# PetPatch



## Madison's Mom (Dec 26, 2007)

A friend of mine is getting a rescue tomorrow and wondered what I thought of this. It looks pretty cool to me. I was just wondering if any of you have had any experience with this company.

PetPatch

By the way, I'm going with her to pick up her little boy tomorrow afternoon so I'll post pictures later. I'll also get her hooked up to SM - she will love it!


----------



## Cosy (Feb 9, 2006)

I know someone with yorkies who loves it! They live in the north and like that they
can put that on their enclosed patio so the yorkies can run out, go and run back inside in
the winter months.


----------



## 3Maltmom (May 23, 2005)

I was excited with the title of your thread. I thought they came out
with a PetPatch, similiar to a Nicotine Patch. :HistericalSmiley: 

That "patch" does look cool. My doggies would certainly use it.


----------



## gibbert (Jan 13, 2005)

I'm sold! I definitely want to try this! Well, you know what I mean ... I want Tchelsi and Tatumn to give it a whirl.


----------



## Bonnie's Mommie (Mar 2, 2006)

QUOTE (3Maltmom @ Feb 10 2009, 08:04 PM) index.php?act=findpost&pid=723605


> I was excited with the title of your thread. *I thought they came out
> with a PetPatch, similiar to a Nicotine Patch.* :HistericalSmiley:
> 
> That "patch" does look cool. My doggies would certainly use it.[/B]
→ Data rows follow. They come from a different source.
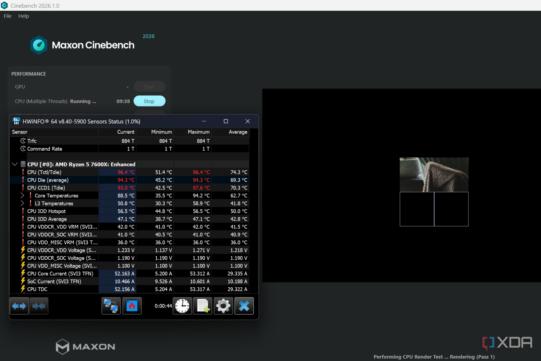 If you’re wondering if it’s time to swap out your CPU cooler, you can know for certain within a matter of minutes. Just run Cinebench for ten minutes straight while watching temperatures and clock speeds of your CPU in HWiNFO. Pay attention to the sustained behavior, and not the peak spikes. If your CPU climbs near 80°C or 90°C, and clock speeds start dropping mid-test, that’s thermal throttling. Some modern CPUs are built to go higher up in temperature, even near the 100-degree line, but clock speeds dropping are the giveaway you’d be looking for to check for thermal throttling.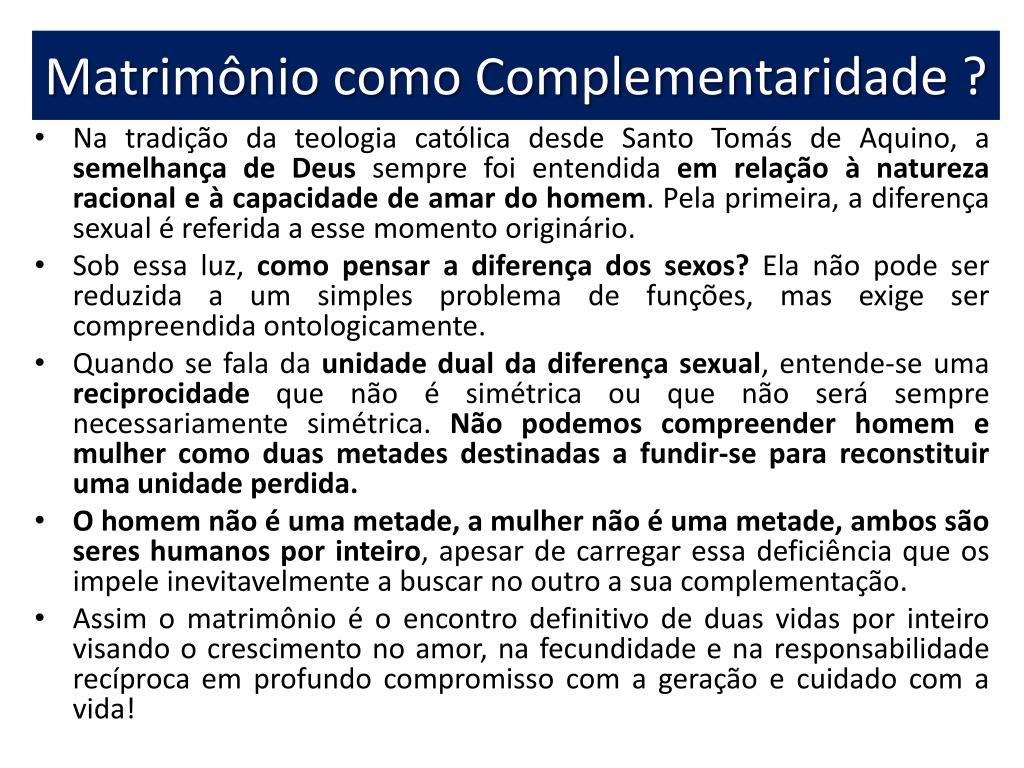 Matrimônio como Complementaridade ? • Na tradição da teologia católica desde Santo Tomás de Aquino, a semelhança de Deus sempre foi entendida em relação à natureza racional e à capacidade de amar do homem. Pela primeira, a diferença sexual é referida a esse momento originário. • Sob essa luz, como pensar a diferença dos sexos? Ela não pode ser reduzida a um simples problema de funções, mas exige ser compreendida ontologicamente. • Quando se fala da unidade dual da diferença sexual, entende-se uma reciprocidade que não é simétrica ou que não será sempre necessariamente simétrica. Não podemos compreender homem e mulher como duas metades destinadas a fundir-se para reconstituir uma unidade perdida. • O homem não é uma metade, a mulher não é uma metade, ambos são seres humanos por inteiro, apesar de carregar essa deficiência que os impele inevitavelmente a buscar no outro a sua complementação. • Assim o matrimônio é o encontro definitivo de duas vidas por inteiro visando o crescimento no amor, na fecundidade e na responsabilidade recíproca em profundo compromisso com a geração e cuidado com a vida!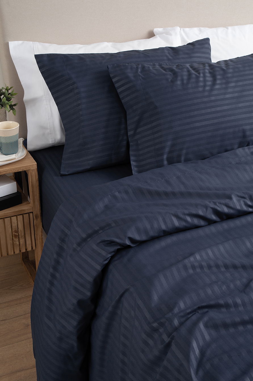 Línea Oxford Luxe 600 HQ. Juego de sábanas con diseño a rayas símil DOBBY emboss. HIGH QUALITY.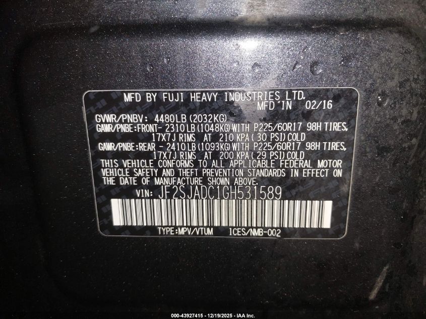 - Vin: JF2SJAFC0GH476033

LMAO - that's what I thought, too!


----------



## CeeCee's Mom (Sep 14, 2006)

QUOTE (gibbert @ Feb 10 2009, 09:16 PM) index.php?act=findpost&pid=723653


> I'm sold! I definitely want to try this! Well, you know what I mean ... I want Tchelsi and Tatumn to give it a whirl.[/B]


Ahhh Heidi, you had me going there for a while!!! Thanks for the laugh!!!! :HistericalSmiley: :HistericalSmiley: :HistericalSmiley: 

CeeCee uses the puppy pads quite nicely but that does look so natural...........


----------



## sophie (Jul 9, 2006)

I am really intrigued by this product! I wonder if it's really that easy to grow the grass and get it started? I have a brown thumb - if I walk past a plant it keels over. lol 

This would be a great replacement to the expensive, non-renewable potty pads that seem to have taken over my life at times. Hubby said no to the washable ones (you're not washing those in the washing machine are you?!?! I wonder what he would think about patches of grass all over the house? LOL

Linda


----------



## jmm (Nov 23, 2004)

I'm intrigued enough I'll show it to hubby when he gets home this weekend and see if we can't try a small one.


----------



## MandyMc65 (Jun 14, 2007)

Interesting! 

Jackie, if hubby says yes, let us know!


----------



## jmm (Nov 23, 2004)

QUOTE (MandyMc65 @ Feb 10 2009, 09:27 PM) index.php?act=findpost&pid=723725


> Interesting!
> 
> Jackie, if hubby says yes, let us know![/B]


LOL I'm interested to grow my own grass...I'll probably end up with a flower garden in my kitchen instead of a potty


----------



## mom2bijou (Oct 19, 2006)

It's like a portable park w/those rocks on the patch LOL! This is a great idea though. It would work great for us especially in the rain and snow. I could put it out on our porch and they wouldn't have to go in the yard and get wet. I'm definitley going to look into this!


----------



## tigerpawswhit (Aug 7, 2008)

If anyone does get a PetPatch, please update with info. I'm anxious to see how our fluffs react to having a grassy spot in the house to potty. This would have been VERY helpful during the ice/snow storm we had recently. Stella had a hard time finding a place to go.


----------



## gibbert (Jan 13, 2005)

Cherie likes it too. I think we're gonna go for it! I will let you guys know how T&T react once our little piece of "yard" arrives. I think they'll love it! Madison's Mom, I'm so glad you posted this!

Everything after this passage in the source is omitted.